Material to process >>
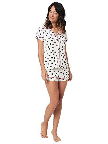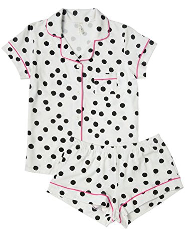 Sleep so cool and comfortable in this Polka Dotted button down PJ short set. We searched for the perfect knit fabric. These are hand-pulled Peruvian Pima cotton, which is known for its silky luster and unbelievably soft hand. We combined that with Modal to get the perfect drape and added Lycra to give it stretch and recovery so they look and feel great with every wear. These PJs are so luxuriously soft you'll never want to change out of them. This pajama set has a snugger fit than our woven PJs. But the stretch gives it the perfect fit every time. This pajama is pre-shrunk but WILL shrink another ~5% when washed. There will be no refunds on returns of washed items!
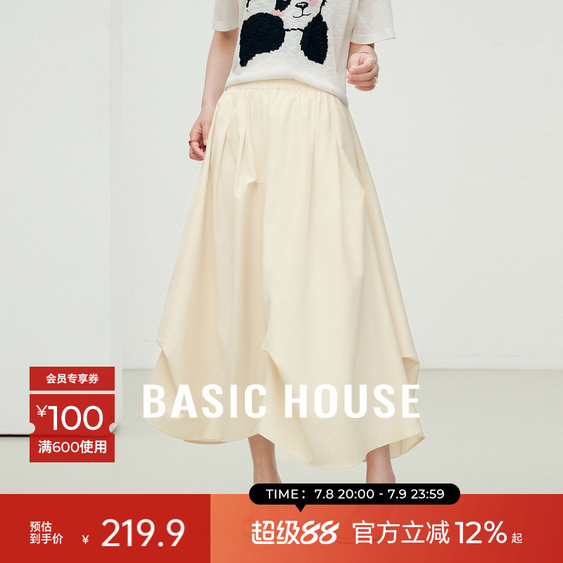 Basic House/百家好松緊腰純色半身裙女夏季新款堆疊不規則中長裙
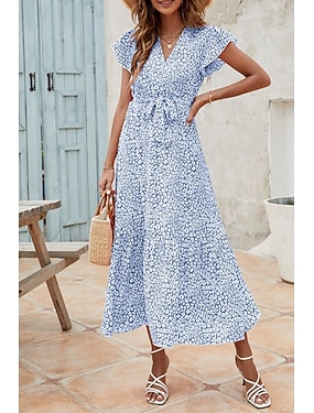 Dam Maxiklänning Långklänning Maxiklänning Strandklänning Blommig klänning Boho-klänning Elegant Mode Modern Dagligen Utomhus Semester Normal Blommig Kortärmad V-hals Blå Gul Rubinrött Marinblå
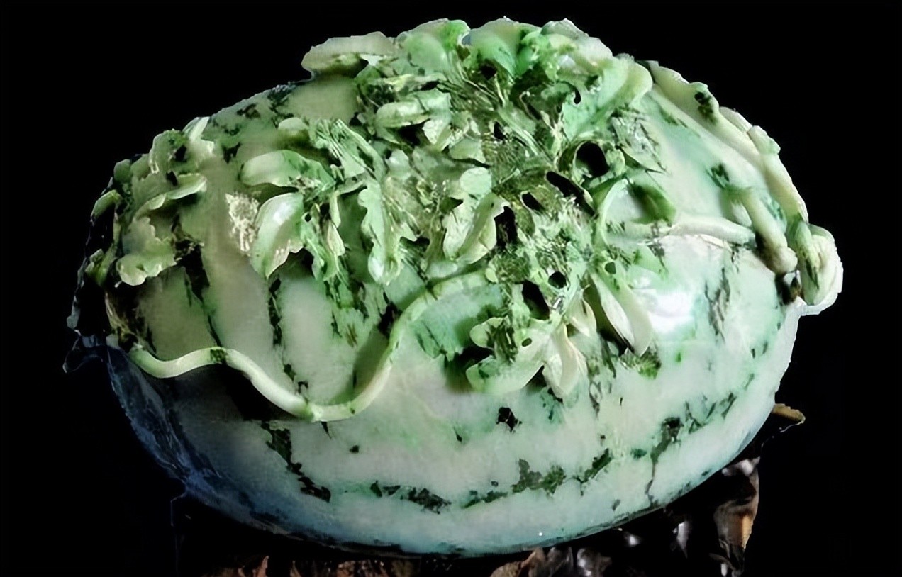 当他附身去捡的时候,不由得大吃一惊,在两片猪肉下面覆盖着一个饱满的西瓜,当他完全挖出后,才发现那不是水果,而是慈禧那颗价值6亿的翡翠西瓜!
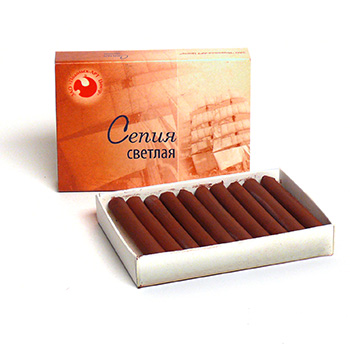Набор сепии, выпускаемой на основе знаменитой глины из Часов-Яра. 10 карандашей. Цвет светлый. Упаковка: картонная коробка.
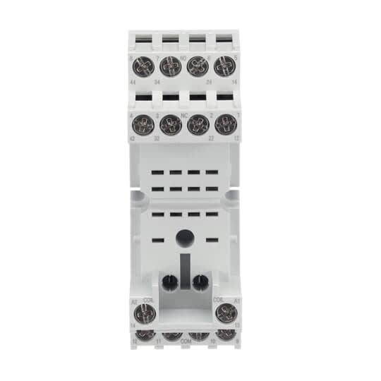 Le socle standard à vis pour relais débrochable Cr-M2/4rt Il sert de prise standard pour les relais miniatures 2c/o ou 4c/o avec des bornes à vis Tension nominale de 250V courant nominal AC-12 7A à 230V Tension assignée d'isolement de 3 V
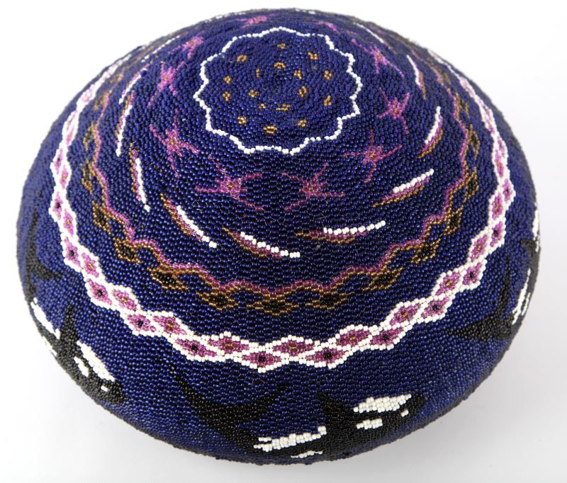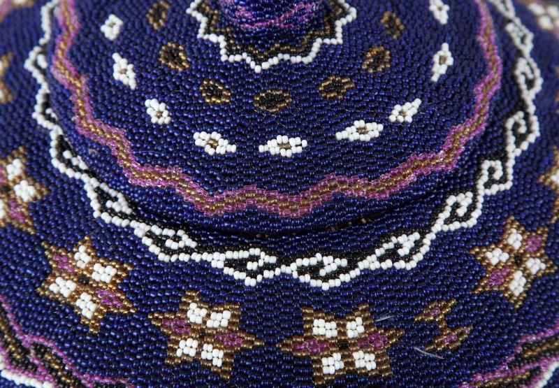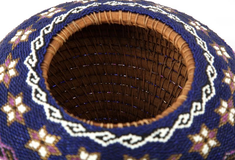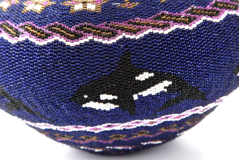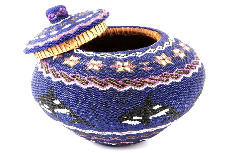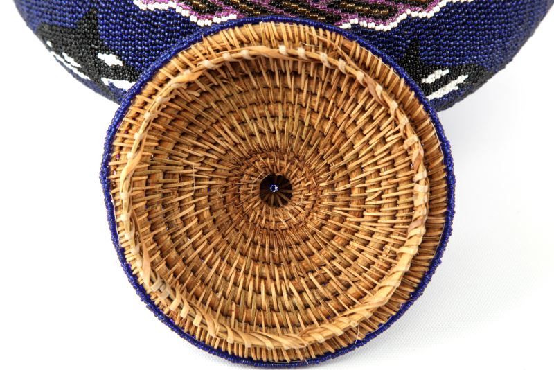 Fully beaded Paiute Indian knob top gift basket. Cobalt, black, purple, gold, and white beads in geometric patterns and images of Orcas around the middle.
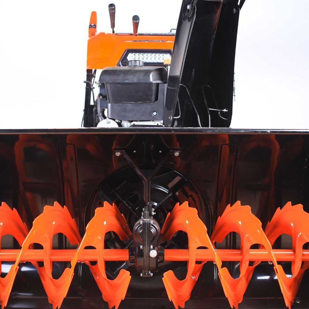 Самый мощный снегоуборщик с рекордной шириной захвата в 107см, позволяет очищать пешеходную дорожку за один проход, а проезд для легкового автомобиля всего за два прохода. Сдвоенные колеса обеспечат отличное сцепление с грунтом при максимальной глубине выпавшего снега. Функция "free hand control" позволяет разворачивать снегоуборщик практически на месте.
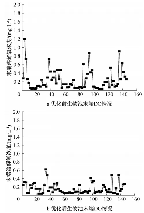通過配水優化、抽升控制、生物池倒運等方式,穩定生物池水力負荷。優化后,生物池do穩定性明顯提高(見圖6b),末端do濃度基本低于0.5 mg/l,滿足反硝化對于do濃度的要求,同時大大降低了回流液中的do對于進水碳源的浪費。
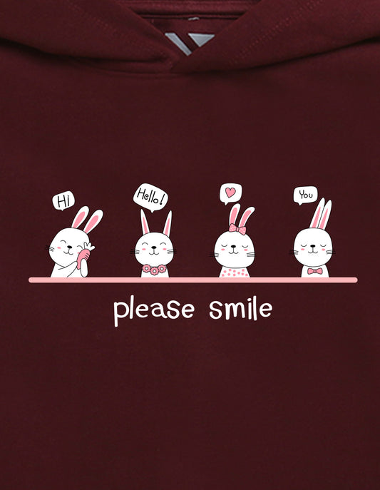 Nusyl Girl's burgundy Please smile Printed hoodie

Task instructions >>
Please write out only the material above, exactly, from its first line through the line that contains "Набор сепии, выпускаемой", and include no pictures.

Output for this exercise >>
 Sleep so cool and comfortable in this Polka Dotted button down PJ short set. We searched for the perfect knit fabric. These are hand-pulled Peruvian Pima cotton, which is known for its silky luster and unbelievably soft hand. We combined that with Modal to get the perfect drape and added Lycra to give it stretch and recovery so they look and feel great with every wear. These PJs are so luxuriously soft you'll never want to change out of them. This pajama set has a snugger fit than our woven PJs. But the stretch gives it the perfect fit every time. This pajama is pre-shrunk but WILL shrink another ~5% when washed. There will be no refunds on returns of washed items!
 Basic House/百家好松緊腰純色半身裙女夏季新款堆疊不規則中長裙
 Dam Maxiklänning Långklänning Maxiklänning Strandklänning Blommig klänning Boho-klänning Elegant Mode Modern Dagligen Utomhus Semester Normal Blommig Kortärmad V-hals Blå Gul Rubinrött Marinblå
 当他附身去捡的时候,不由得大吃一惊,在两片猪肉下面覆盖着一个饱满的西瓜,当他完全挖出后,才发现那不是水果,而是慈禧那颗价值6亿的翡翠西瓜!
Набор сепии, выпускаемой на основе знаменитой глины из Часов-Яра. 10 карандашей. Цвет светлый. Упаковка: картонная коробка.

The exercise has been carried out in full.